II. Ростовцев у Николая

We use cookies. Read the Privacy and Cookie Policy

II. Ростовцев у Николая

Простому поручику попасть к великому князю было нелегко — но Р. исхитрился: найдя дежурного флигель-адъютанта, попросил доложить его высочеству, что генерал Бистром прислал пакет в собственные руки.

Великий князь вышел, принял заранее приготовленные бумаги и велел Ростовцеву ожидать.

В пакете Николай нашел пламенное послание, где Ростовцев умолял «не почитать его ни презренным льстецом, ни коварным доносчиком», он же сам убежден, что к Николаю — «человеку, отвергшему корону, как к человеку истинно благородному, можно иметь полную доверенность».

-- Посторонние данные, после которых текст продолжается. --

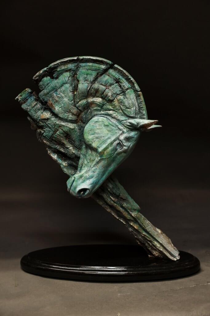 This sculpture is built around its heavy, rugged textures with Steve using big lumps of clay and cumbersome tooling work to portray the feel of stone as though an ancient relic from centuries ago. This harsh surfacing created is completely juxtaposed to the delicate and balanced composition designed and masterfully crafted by Winterburn, the large body of metal, flows round from the focal point of the head to the elegant support it stands upon.

Копию своего послания Р. сохранил и после кое-кому показывал. Смысл записки был прост: вы весьма многих против себя раздражили: для себя самого и вашей славы погодите царствовать; «противу вас должно таиться возмущение; оно вспыхнет при новой присяге».

Ростовцев еще умолял Николая ехать самому в Варшаву и просить брата на царство, а ежели не согласится — «то пусть всенародно, на площади, провозгласит вас своим государем».

В конце письма Ростовцев просил казни, если его действия будут сочтены слишком дерзкими; если же поступок будет найден похвальным — он заклинал не награждать ничем: «пусть останусь я бескорыстен и благороден в глазах ваших и моих собственных».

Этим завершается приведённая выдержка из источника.